As $\zeta$ decreases, poles are nearer the $j\omega$ axis, so peak is sharper. As $\omega_0$ decreases, poles are nearer real axis, so peak is at lower frequency.

Part 5g

Filter is bandpass

Part 5h

Because system has zeros at origin and at infinity, gain goes to zero at low and high frequencies (and peaks in between, near $\omega_0$).

Problem 6

Part 6a

sys6=tf([0 0 16],[1 2 16])
pzmap(sys6);  axis([-3 1 -10 10]);
 
Transfer function:
      16
--------------
s^2 + 2 s + 16
 

Part 6b

The system has two finite poles and two zeros as s goes to infinity

Part 6c

bode(sys6);

Part 6d

The system is lowpass

Part 6e

Since the system has zeros at infinity, and nowhere else, the output only goes to zero at high frequencies (and low ones are passed)

Part 6f

w=4;
H=evalfr(sys6,1j*w);
m=abs(H);  p=angle(H);
fprintf('Magnitude of Bode plot at %g radian per second is %g=%gdB.\n',...
    w,m,20*log10(m));
fprintf('Phase is %g degrees.\n',p*180/pi);
fprintf('Output = %g sin(%gt + %g degrees)\n',2*m,w,45+p*180/pi);
Magnitude of Bode plot at 4 radian per second is 2=6.0206dB.
Phase is -90 degrees.
Output = 4 sin(4t + -45 degrees)

Part 6g

w=1;
H=evalfr(sys6,1j*w);
m=abs(H);  p=angle(H);
fprintf('Magnitude of Bode plot at %g radian per second is %g=%gdB.\n',...
    w,m,20*log10(m));
fprintf('Phase is %g degrees.\n',p*180/pi);
fprintf('Output = %g sin(%gt + %g degrees)\n',2*m,w,45+p*180/pi);
Magnitude of Bode plot at 1 radian per second is 1.05731=0.484045dB.
Phase is -7.59464 degrees.
Output = 2.11462 sin(1t + 37.4054 degrees)

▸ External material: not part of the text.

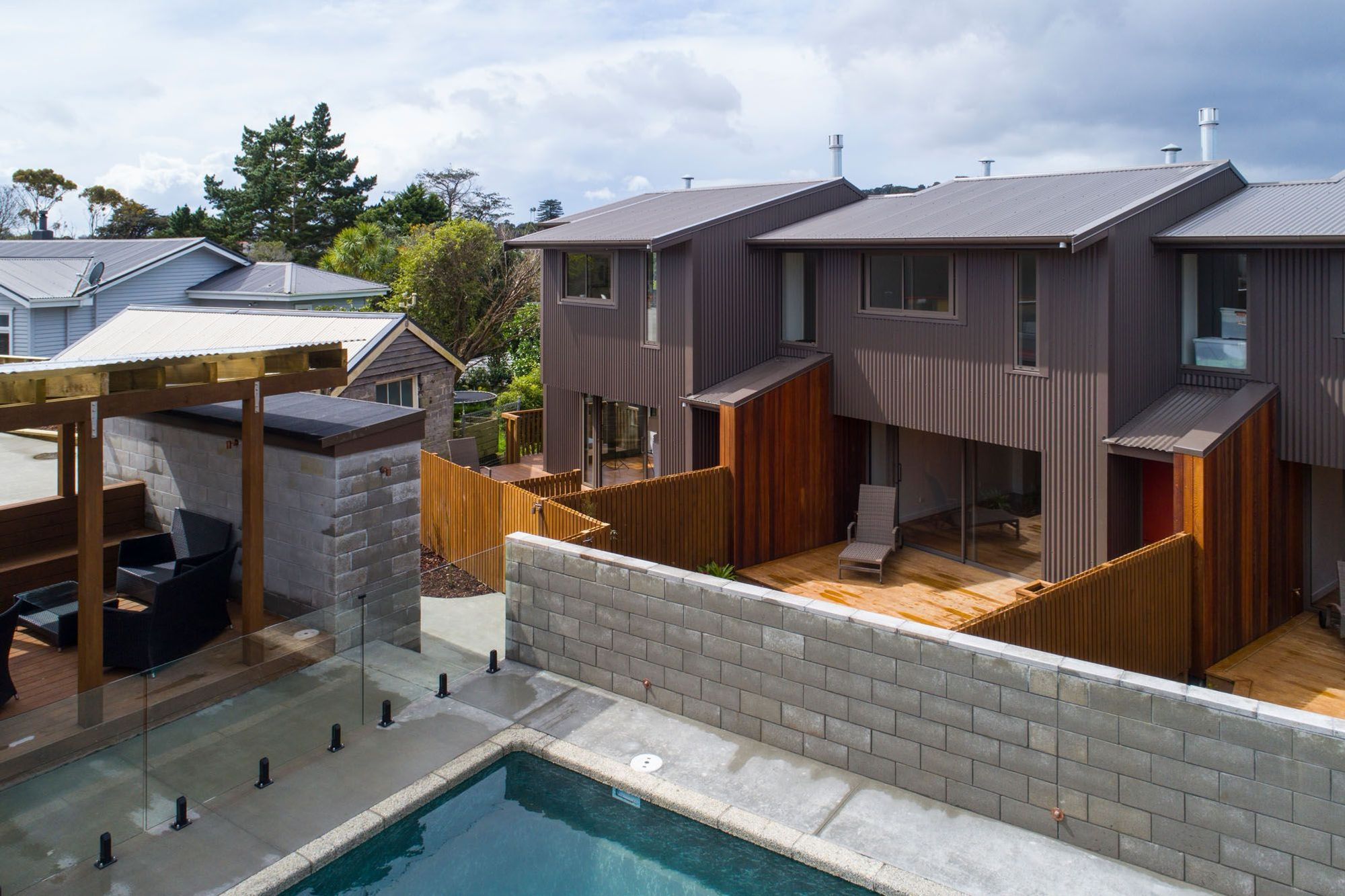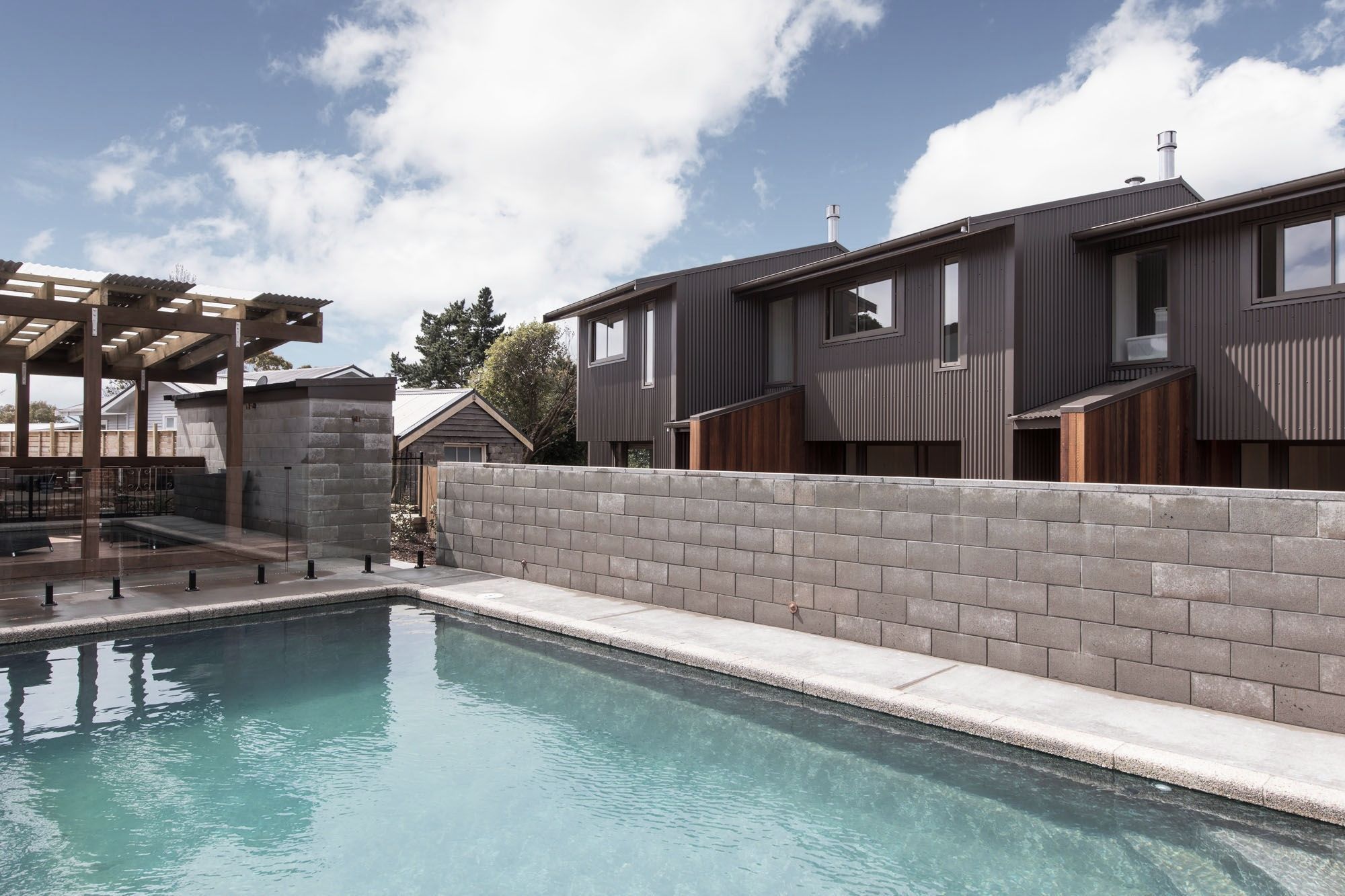 ArchiPro Project Summary - Powell Terrace Townhouses showcase modern design with composite materials, featuring a swimming pool and water feature in a vibrant residential area.

Note that low frequency signal is passed.

Problem 7

Part 7a

sys7=tf([1 0 0],[1 2 16])
pzmap(sys7);  axis([-3 1 -10 10]);
xa = [-1 0];	ya = [1 0];
[xaf,yaf] = ds2nfu(xa,ya);
annotation('textarrow',xaf,yaf,'String','Double Zero');
 
Transfer function:
     s^2
--------------
s^2 + 2 s + 16
 

Part 7b

The system has two finite poles and two finite zeros at the origin

Part 7c

clf;
bode(sys7);

Part 7d

System is highpass

Part 7e

Since the system has zeros at the origin, and nowhere else, the output only goes to zero at low frequencies (and high ones are passed)

Part 7f

w=4;
H=evalfr(sys7,1j*w);
m=abs(H);  p=angle(H);
fprintf('Magnitude of Bode plot at %g radian per second is %g=%gdB.\n',...
    w,m,20*log10(m));
fprintf('Phase is %g degrees.\n',p*180/pi);
fprintf('Output = %g sin(%gt + %g degrees)\n',2*m,w,45+p*180/pi);
Magnitude of Bode plot at 4 radian per second is 2=6.0206dB.
Phase is 90 degrees.
Output = 4 sin(4t + 135 degrees)

Part 7g

w=1;
H=evalfr(sys7,1j*w);
m=abs(H);  p=angle(H);
fprintf('Magnitude of Bode plot at %g radian per second is %g=%gdB.\n',...
    w,m,20*log10(m));
fprintf('Phase is %g degrees.\n',p*180/pi);
fprintf('Output = %g sin(%gt + %g degrees)\n',2*m,w,45+p*180/pi);
Magnitude of Bode plot at 1 radian per second is 0.0660819=-23.5984dB.
Phase is 172.405 degrees.
Output = 0.132164 sin(1t + 217.405 degrees)

Note that low frequency signal is attenuated.